The sales fueled a further downturn in shares of the electric-vehicle maker on Wednesday, when the stock fell 7.2% to $177.59, its lowest closing price since November 2020. Tesla is currently down 49.6% on the year, which would be far and away the worst year yet for the stock — the previous record annual decline was 2016, when it fell 11%.

The problems for Tesla investors go far beyond Musk selling its stock so that he could overpay for a company with limited growth prospects and a host of other problems, but the poor optics certainly start there.

“He sold caviar to buy a $2 slice of pizza,” said Dan Ives, a Wedbush Securities analyst.

Ives was one of several on Wall Street to predict Musk would need to sell more shares to either close a gap in his financing of the $44 billion deal to buy the social-media company, or provide additional operating funds. In a telephone conversation Wednesday, he said the Twitter move is “a nightmare that just won’t end for Tesla investors.”

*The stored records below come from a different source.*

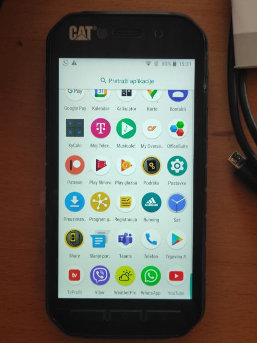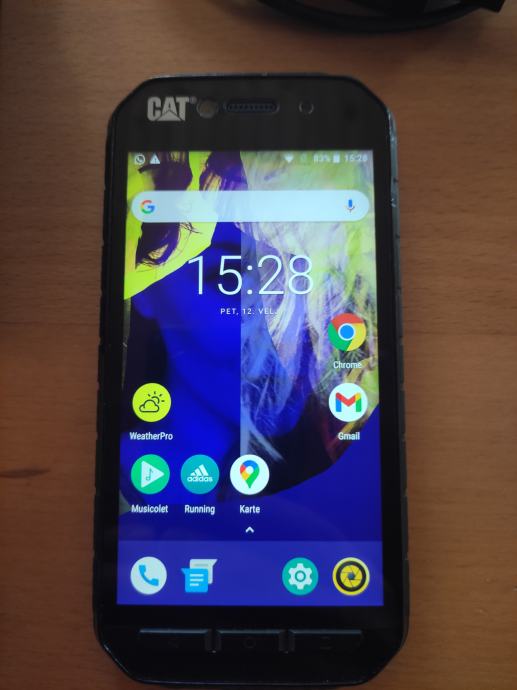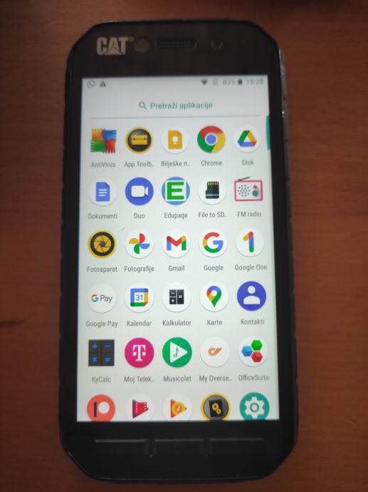 Sve radi bez greške. Odlična baterija. Vodootporan i otporan na ogrebotine. Dual sim. Sa mobitelom dolazi punjač, kabel za povezivanje kada ga koristite za punjenje drugog mobitela, uputstva, kutija. Sve je ispravno. Mala crtica na ekranu. Praktički nevidljiva dok mobitel radi (zadnja slika).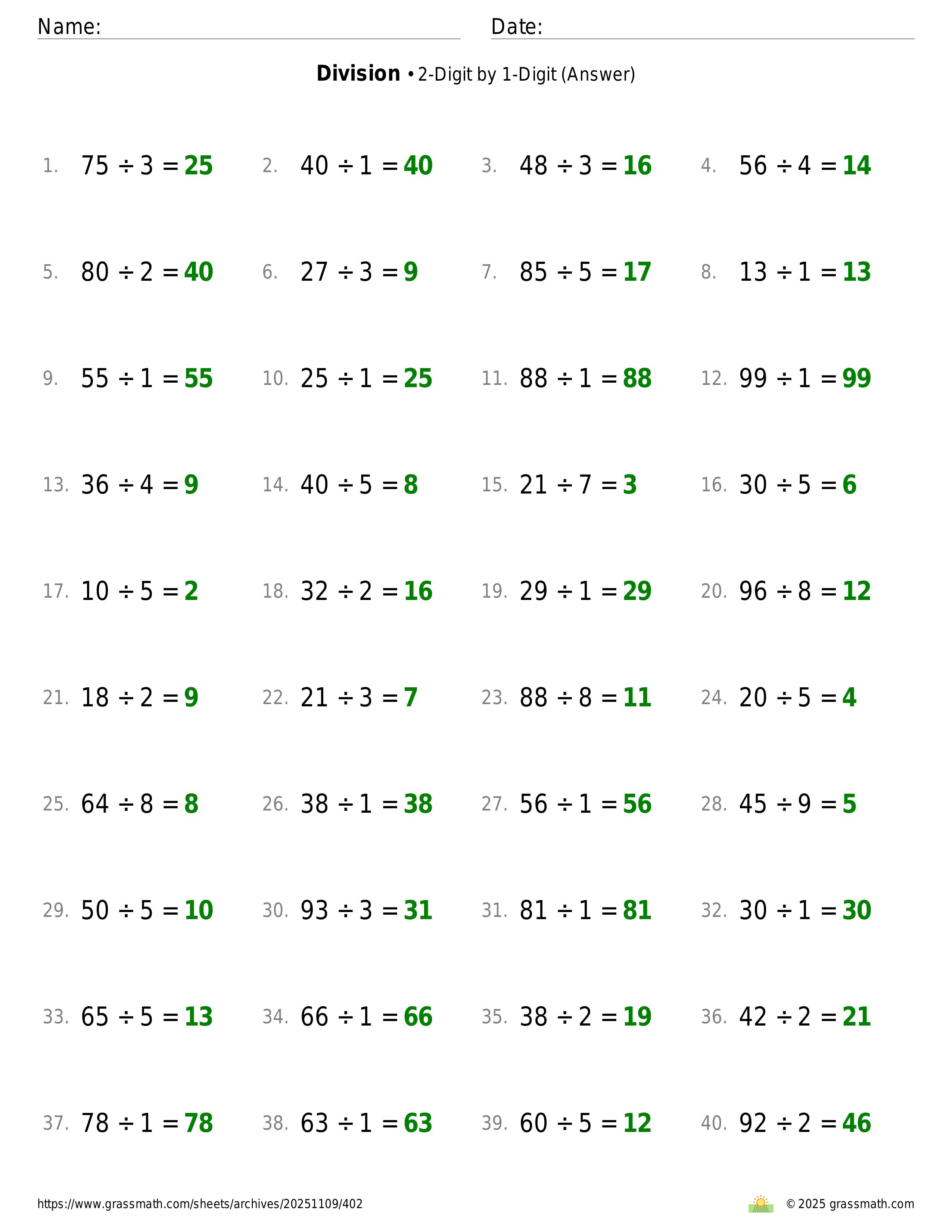 Division 2-Digit by 1-Digit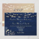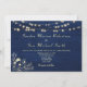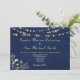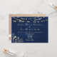 Celebra tu amor con esta elegante invitación de boda rústica que presenta un fondo de madera azul marino, luces de cuerda brillantes y delicados acentos florales dorados. Una mezcla perfecta de encanto y romance para bodas de invierno, granero o noche. Tarjeta de respuesta coordinada incluida.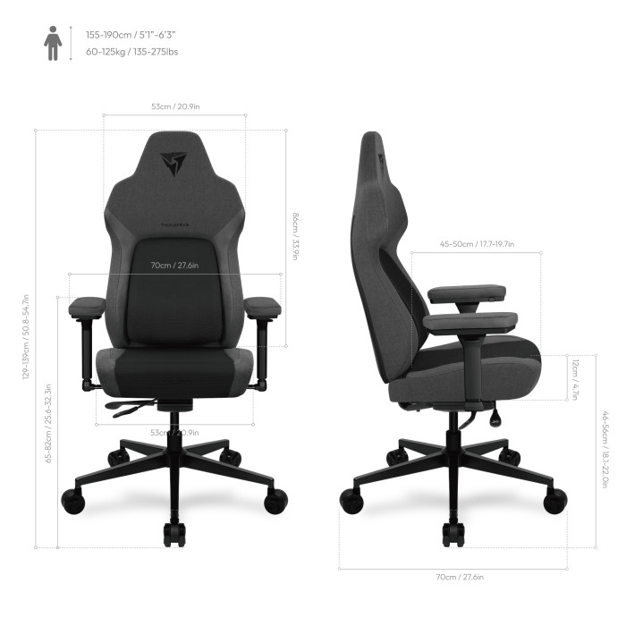 Завдяки технології CORE.RDY, єдиній у своєму роді поперековій опорі, яка самостійно підлаштовується під вашу поставу в усіх напрямках, TX3 Core забезпечує максимально ергономічне сидіння. Побудоване з багатофункціональним механізмом SYNC5 для 5-стороннього регулювання відповідно до вашого тіла та положення сидіння.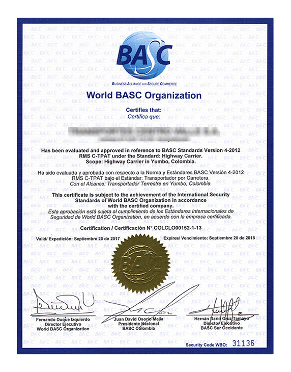 El certificado BASC, es emitido por la sede central de Word BASC Organization y es tramitado por cada uno de los capítulos BASC miembros de la organización los cuales están autorizados para llevar a cabo el proceso de auditoría y certificación de acuerdo a las políticas de WBO y se renueva anualmente conforme a las disposiciones establecidas.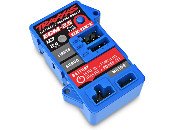 Nová řídící jednotka ECM-2.5 v sobě integruje regulátor i s přijímače. Elektronika je chráněna ve voděodolné* krabičce. Obsaženy jsou funkce: LVD – ochrana proti podvybití LiPo akumulátoru, snadné nastavení jedním tlačítkem EZ-Set a 3 speciální jízdní režimy.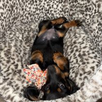 Emma is a female Dachshund. Carefully selected as a great representative of her breed, Silver decided to make her part of their program. Silver has passed Good Dog’s screening process, which involved a review of their breeding practices, environment, and the mental and physical health of their dogs.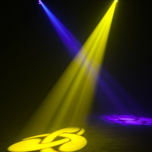 Specifications:- 12-Watt LED DMX Barrel Mirrored Scanner- Single GOBO/Color wheel: 8 fixed GOBO/Colo..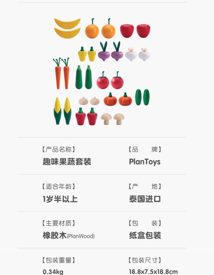Plantoys 过家家厨房趣味果蔬套装 仿真蔬菜水果厨房玩具宝宝益智 18个月+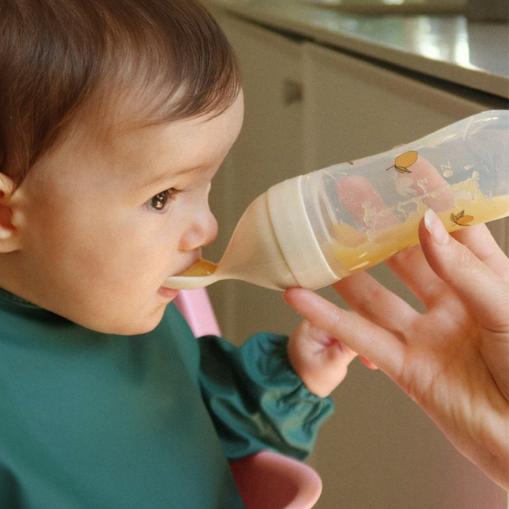 Toiduohutustest, BPA-vabadest materjalidest valmistatud komplekt koosneb silikoonpudelist, mille täidate lihtsalt toiduga ja vajutate õrnalt, et valada õige kogus toitu otse lusikale.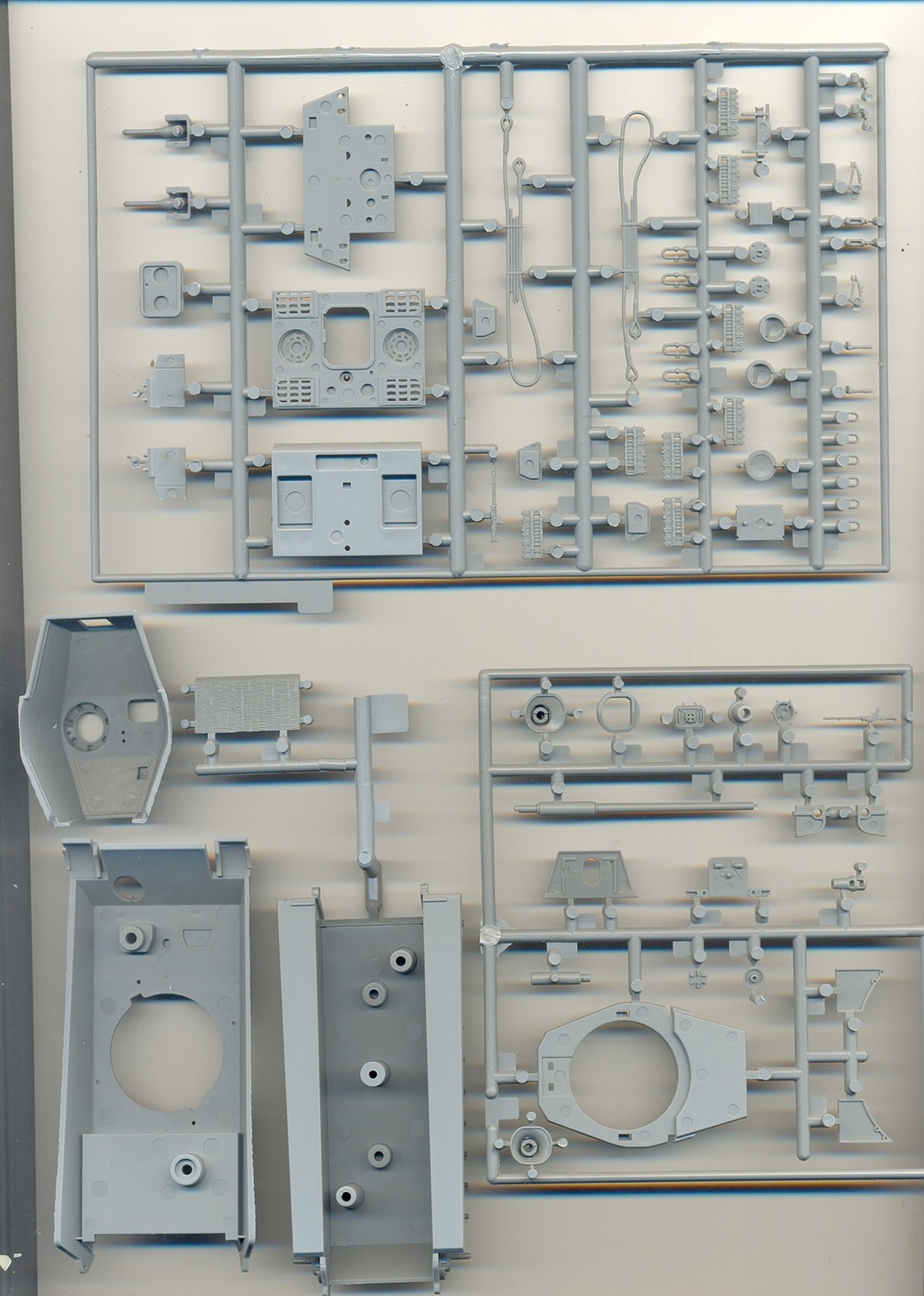 are specific to the Zimmerited kit: The fenders ought to have been the same as in kit 7246, but are not. In my kit they were clearly marked "JAGD", and are too long. Obviously someone put the parts of the Jagdtiger kit into this box. (The fenders in kit 7246 that Doug Chaltry reviewed were marked "KING".) Well, it's better than the other way around and it's not that difficult, I guess, to cut off a centimeter or so from the last section of the fenders. The PE fret is obviously the same as in kit 7246, as it is marked as such. It's very nicely done.

One reason it isn’t ending is that Musk’s need for cash in relation to Twitter is not done with the recent sales, portending more in the future. Musk said in a tweet late last week that Twitter had a “massive drop in revenue” due to activists pressuring advertisers to pull their ads, and he will have to continue paying the employees he did not lay off while servicing a debt load that analysts have estimated will cost him $1 billion a year, much more than Twitter has cleared in profit in the past two years. Twitter reported a net loss of $221 million in 2021, and a net loss of $1.13 billion for 2020.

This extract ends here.